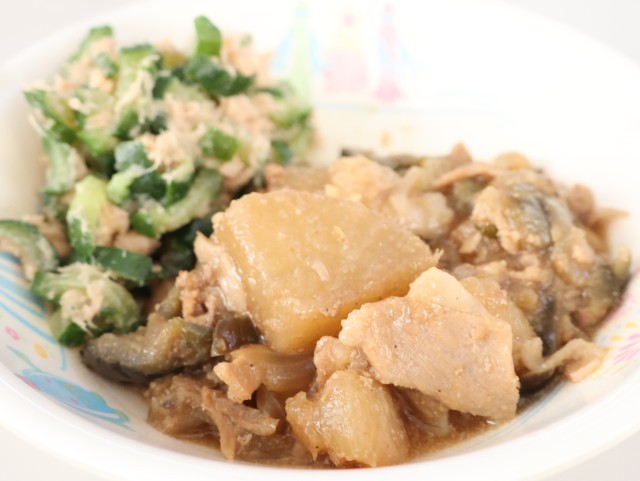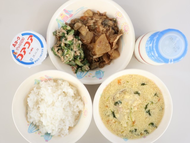 今日の給食は、ご飯、牛乳、梅味ぶたごまだいこん、きゅうりのツナ和え、かきたま汁、ヨーグルトです。
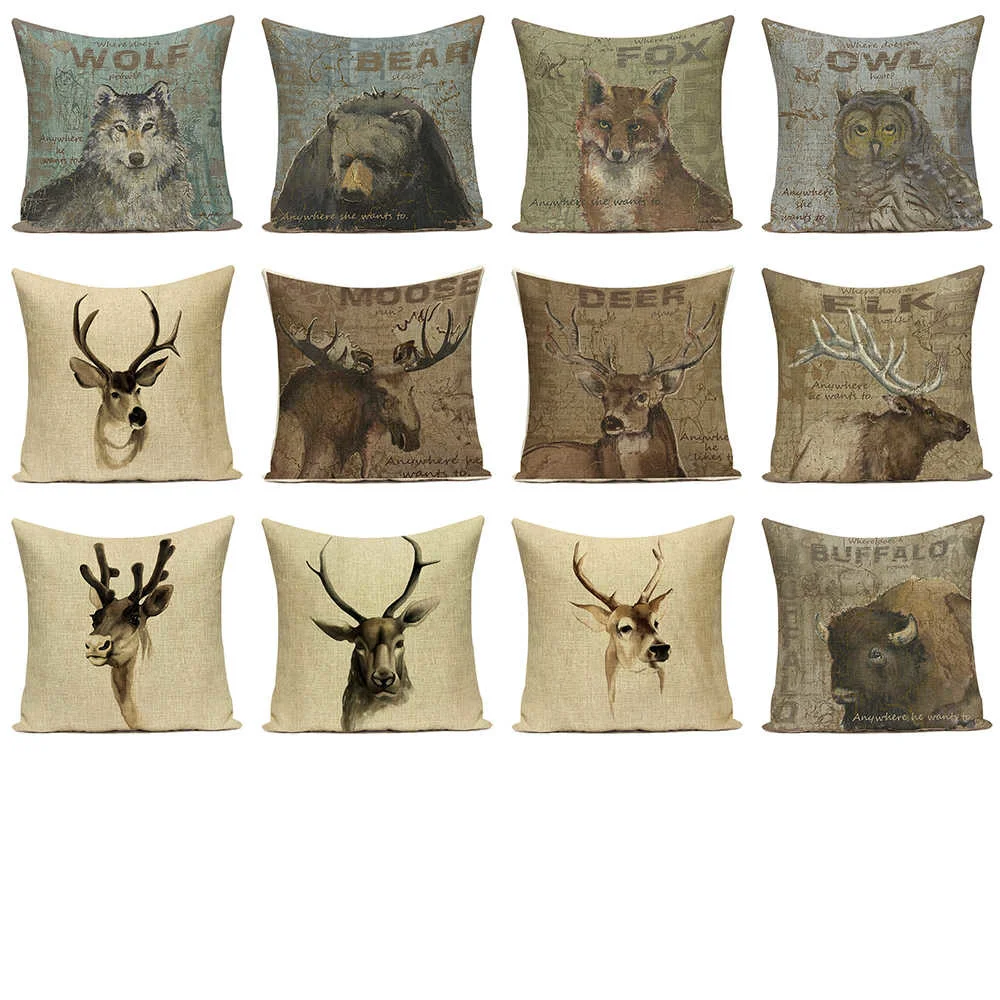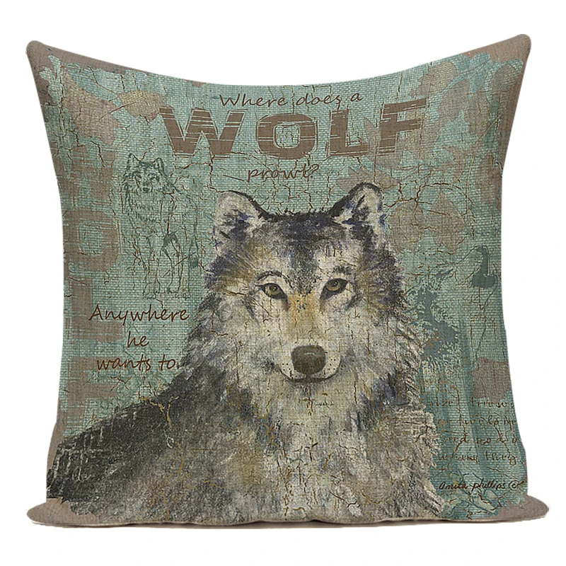 Винтажный серый Чехол на подушку, украшение для дома, подушки, чехол с изображением оленя серого волка, подушки с изображением животных чехол s, льняные диванные подушки на кровать, чехлы
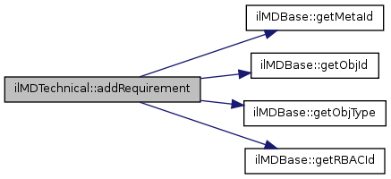 Here is the call graph for this function:| & ilMDTechnical::addRequirement | ( | ) |
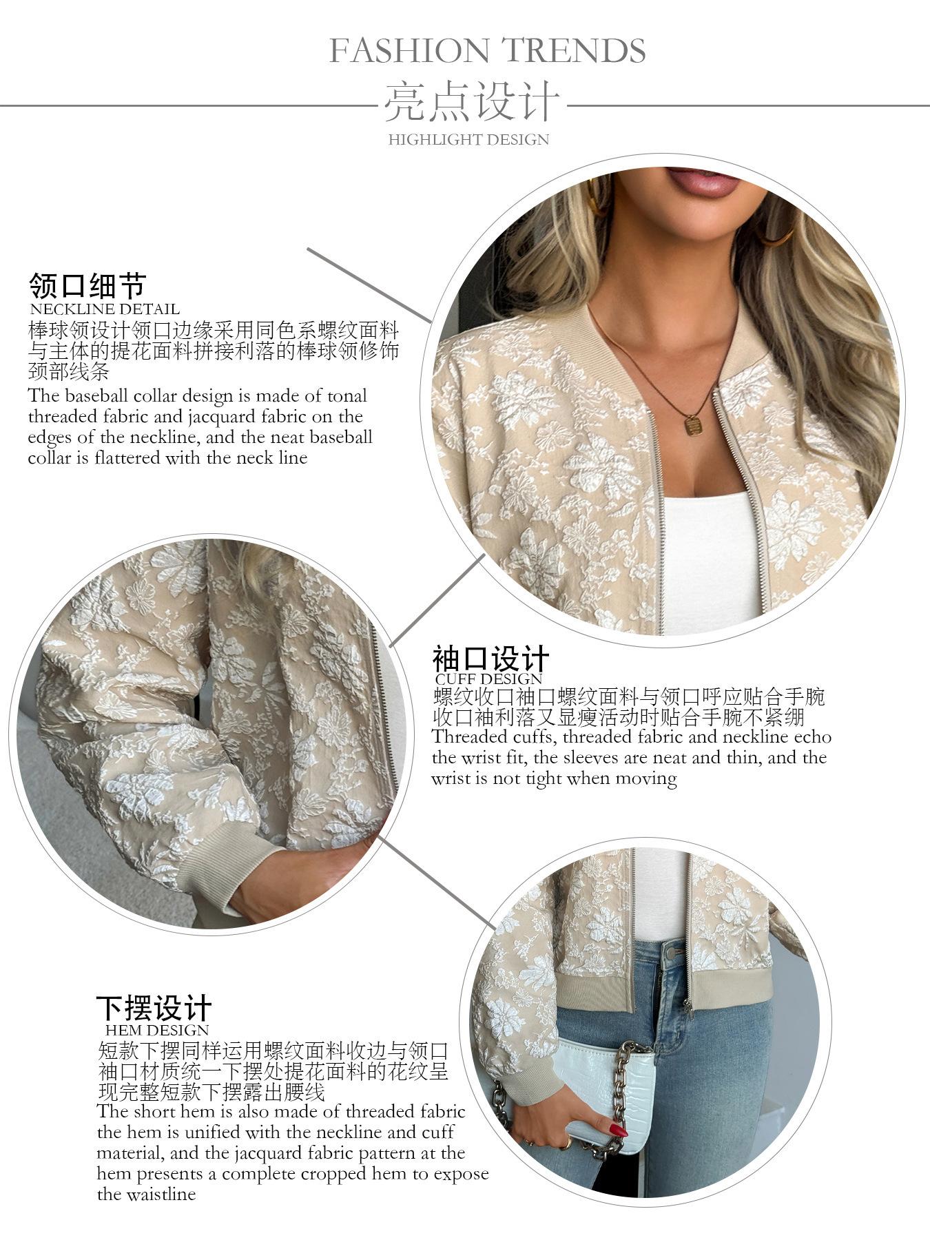 2025 Otoño e Invierno Nuevo Chaqueta Jacquard con Cremallera Transfronteriza Europea y Americana Holgada Adelgazante Elegante Commuter Casual Top Chaqueta
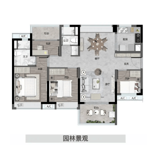 7. 140㎡四房三卫户型:项目高端户型代表,采用标准双厅设计与南北对流格局,搭配6米南向阳台与270°环幕阳台,全景俯瞰白云湖生态景观,视野极致开阔。双主套豪华配置是该户型的核心优势,两个主卧均配备独立卫生间与衣帽间,保障家庭成员的隐私与舒适,适合追求高品质生活的改善型家庭或高净值人群。
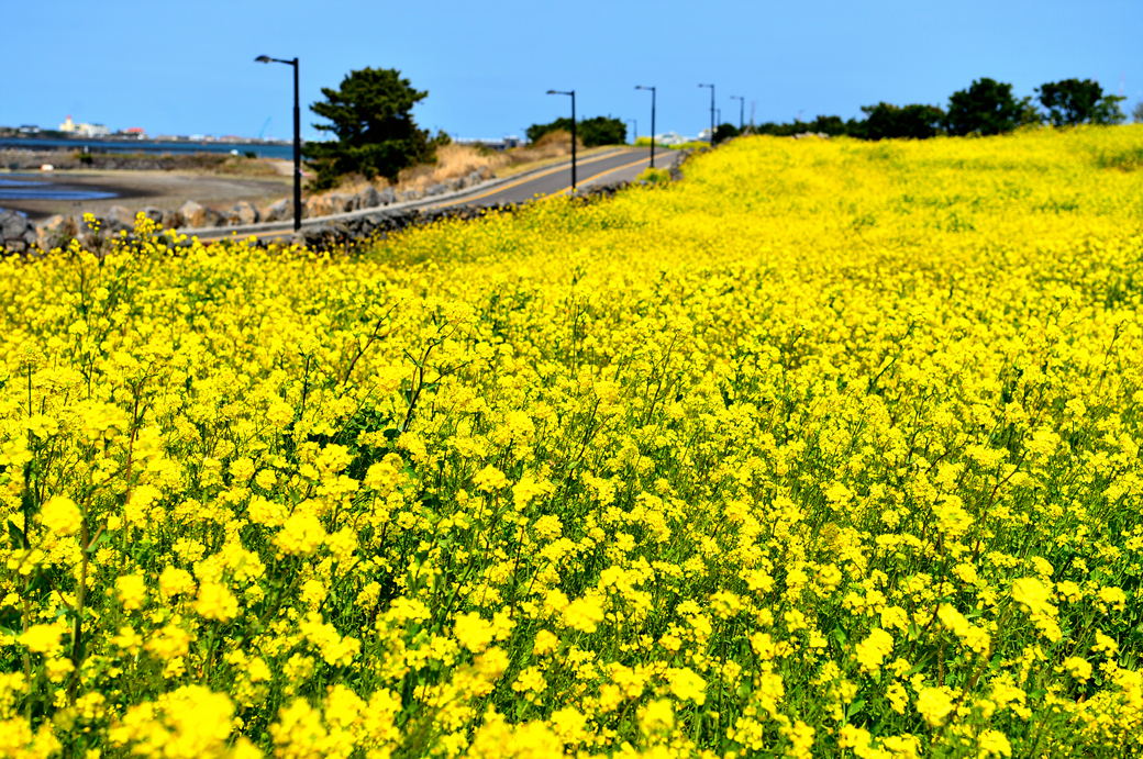 그동안 다른 곳에서도 유채꽃을 본 적은 있지만 왠지 유채꽃은 제주에서 보아야만 제격일 거라는 생각이 들었었는데,
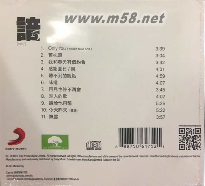 諳 5(m58.net) 夏韶聲 + [ 諳 ] 十多年來在本地及國內 "發燒音響" 界已成為一個殿堂唱片專集系列 [ 諳 5 ] 同樣地由 Danny 監製、Roel Garcia 的編曲、John Lin Hei 混音 這自 "諳 1" 至今的音樂鐵三角,得到樂迷及音響發燒羣口碑中再度合作 這一次更有專業音響兼結他手的 Enrest 劉賢德加入於提供錄音器材及提議高級專業音響器材之音頻數據,一起打造這己建立於大家心中的 "諳" 系列延續 ----- [ 諳 5 ]。 為求音色更完美母帶特別運往美國混音首批CD限量歐洲壓碟 配合HiFi書及強勁店舖擺設宣傳 24bit數碼錄製最高音質CD發燒上市
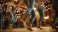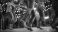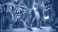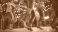 • Women line dancing rustic barn, festive lights, party
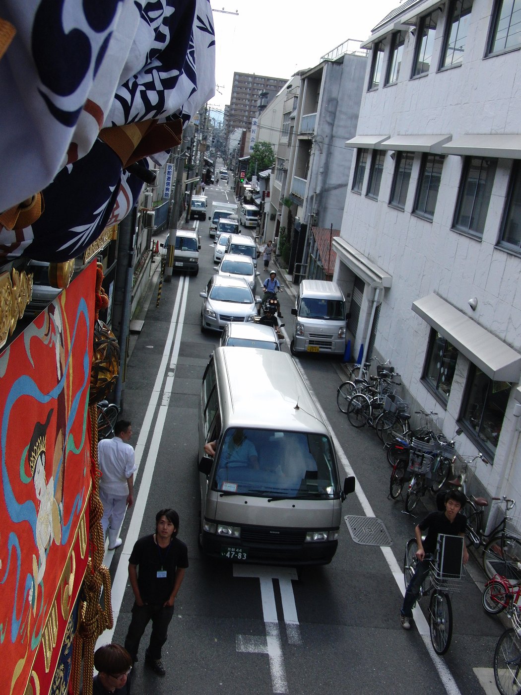 放下鉾を越えたあたりで、今度は北へ向かう準備です。
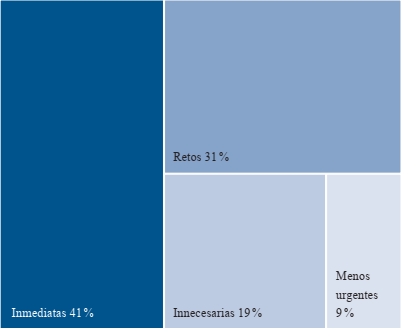 Los lineamientos relevantes entre las mesas de diálogo responden a las acciones que los participantes encuentran como prioridad en este proceso. Las acciones inmediatas y los retos alcanzan el 41 % y 31 %, respectivamente, y se convierten, a criterio de las mesas, en los aspectos que merecen una atención prioritaria y un seguimiento constante para garantizar su correcta implementación y resolución. No obstante, entre el 9 % y 19 % se encuentran las ideas socializadas por los participantes que corresponden a acciones innecesarias o menos urgentes, es decir, aquellos lineamientos que no constituyen una priorización de ejecución.
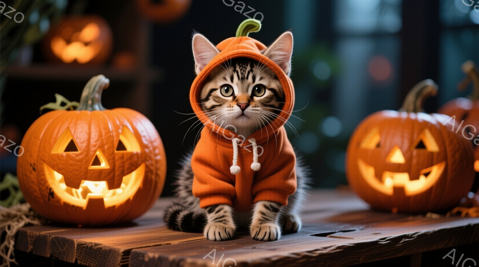 茶色の縞模様の猫が、ハロウィーンらしいオレンジ色のパーカーを着て、木製のテーブルの上に座っています。猫は前足を揃えて座り、少しこちらを見て、穏やかな表情をしています。背景には、さまざまな大きさのジャックオーランタンが並び、秋の夜の温かく楽しい雰囲気を醸し出しています。
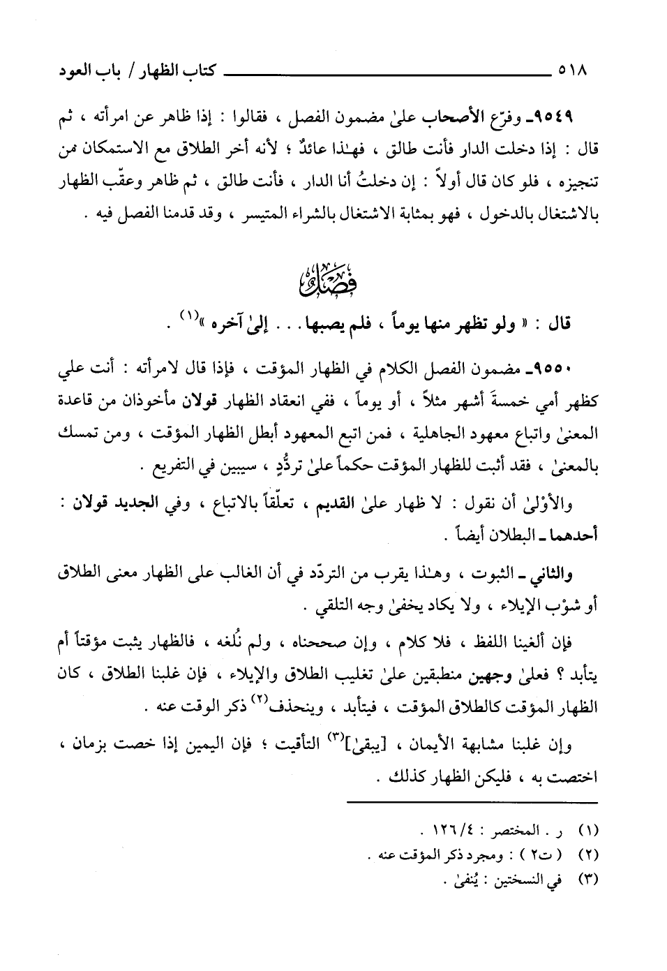 9550 - مضمون الفصل الكلام في الظهار المؤقت، فإذا قال لامرأته: أنت علي كظهر أمي خمسةَ أشهر مثلاً، أو يوماً، ففي انعقاد الظهار قولان مأخوذان من قاعدة المعنى واتباع معهود الجاهلية، فمن اتبع المعهود أبطل الظهار المؤقت، ومن تمسك بالمعنى، فقد أثبت للظهار المؤقت حكماً على تردُّدٍ، سيبين في التفريع.
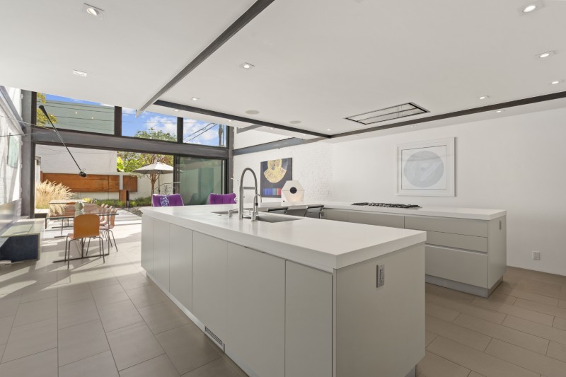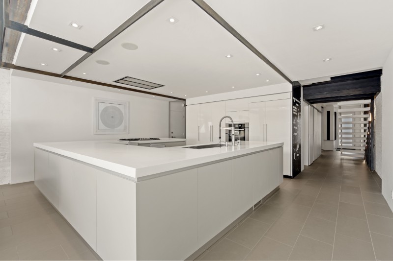 Кухня шеф-повара занимает основной этаж, оборудованный экологичной мебелью Pedini, высококачественной техникой, каменными столешницами и удивительно вместительными системами хранения. Она легко соединяется с обеденной и гостиной зонами как внутри, так и снаружи, поэтому ужины могут затягиваться допоздна, не создавая ощущения тесноты.
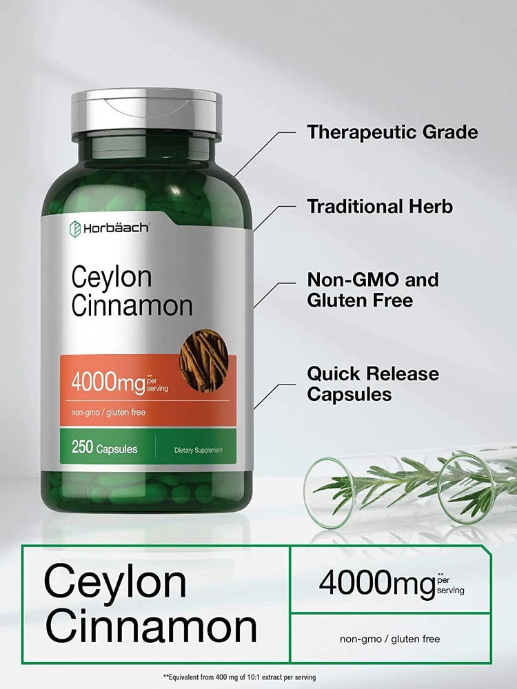 What is Ceylon Cinnamon? Highly touted as “True Cinnamon,” Ceylon is a pure form of cinnamon derived from the inner bark of the Evergreen cinnamon tree. This bark extract is often used as a culinary spice and is a powerful source of naturally occurring antioxidants. Supplementing with Ceylon Cinnamon: There are many ways to reap the nutritional benefits of Ceylon Cinnamon with an herbal supplement. Powder, capsules, gummies, tablets, and liquid extracts are just a few of the many ways to receive this wonderful spice. At Horbaach, we focus on bringing you the highest quality Ceylon Cinnamon pills to support your healthy lifestyle. Horbaach Ceylon Cinnamon: Spice up your daily routine with the best, Horbaach Ceylon Cinnamon! This expert supplement provides the equivalent of 4,000 mg per serving of Ceylon Cinnamon in convenient quick-release capsules. Our formula is naturally gluten-free and non-GMO with no preservatives, making it an excellent choice for any wellness tradition.
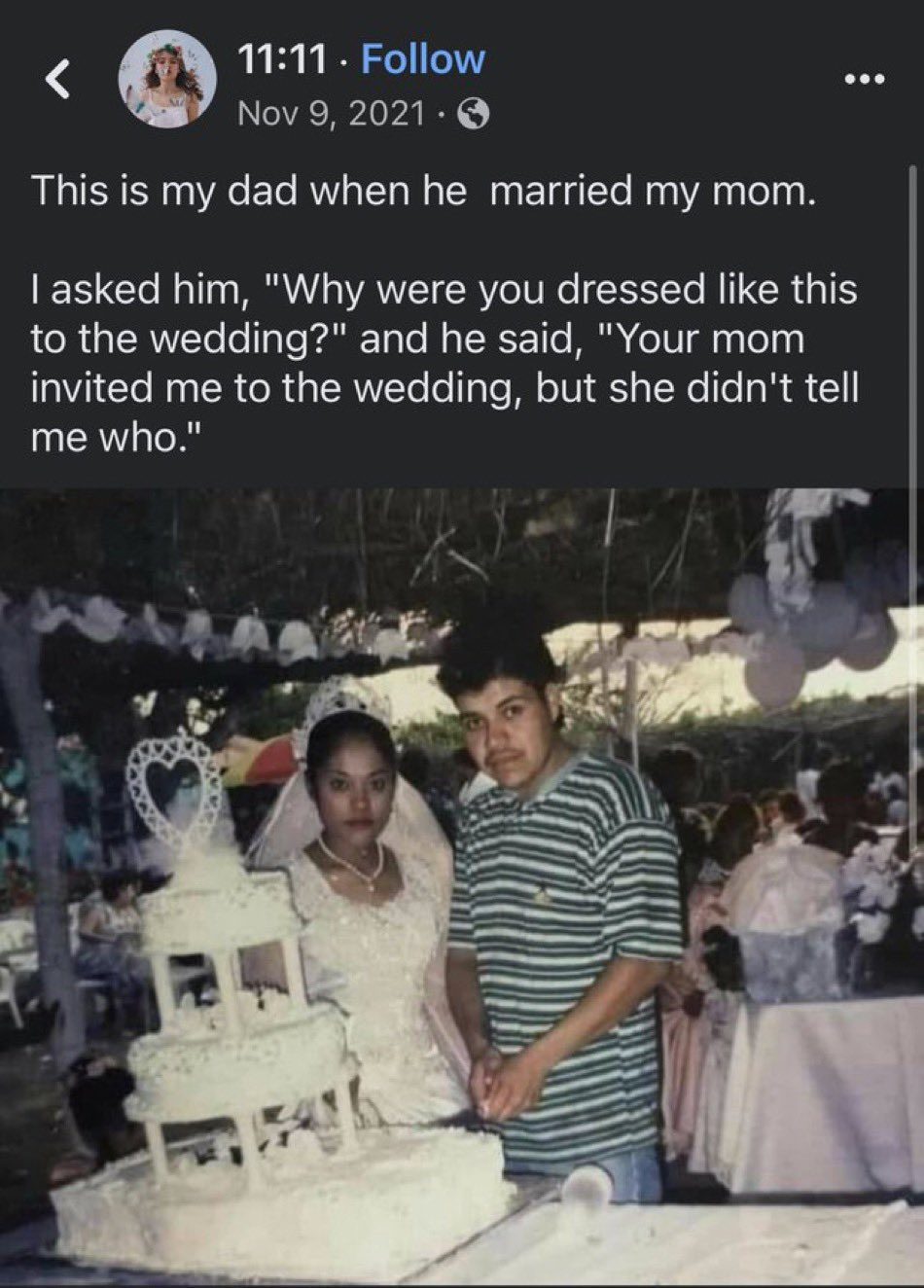 Я спросил его: Почему ты был так одет на свадьбе? И он ответил: Твоя мама пригласила меня на свадьбу, но не сказала мне чью =)
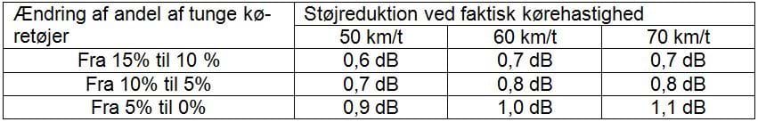 Tabel 7.1.5 – Støjreduktion ved ændring af andel af tunge køretøjer

+++

**Your objective**. No picture is to be included when the lines from the one containing "Кухня шеф-повара занимает" through the end of the material above are output exactly; nothing else is written.

**Problem solution**.
 Кухня шеф-повара занимает основной этаж, оборудованный экологичной мебелью Pedini, высококачественной техникой, каменными столешницами и удивительно вместительными системами хранения. Она легко соединяется с обеденной и гостиной зонами как внутри, так и снаружи, поэтому ужины могут затягиваться допоздна, не создавая ощущения тесноты.
 What is Ceylon Cinnamon? Highly touted as “True Cinnamon,” Ceylon is a pure form of cinnamon derived from the inner bark of the Evergreen cinnamon tree. This bark extract is often used as a culinary spice and is a powerful source of naturally occurring antioxidants. Supplementing with Ceylon Cinnamon: There are many ways to reap the nutritional benefits of Ceylon Cinnamon with an herbal supplement. Powder, capsules, gummies, tablets, and liquid extracts are just a few of the many ways to receive this wonderful spice. At Horbaach, we focus on bringing you the highest quality Ceylon Cinnamon pills to support your healthy lifestyle. Horbaach Ceylon Cinnamon: Spice up your daily routine with the best, Horbaach Ceylon Cinnamon! This expert supplement provides the equivalent of 4,000 mg per serving of Ceylon Cinnamon in convenient quick-release capsules. Our formula is naturally gluten-free and non-GMO with no preservatives, making it an excellent choice for any wellness tradition.
 Я спросил его: Почему ты был так одет на свадьбе? И он ответил: Твоя мама пригласила меня на свадьбу, но не сказала мне чью =)
 Tabel 7.1.5 – Støjreduktion ved ændring af andel af tunge køretøjer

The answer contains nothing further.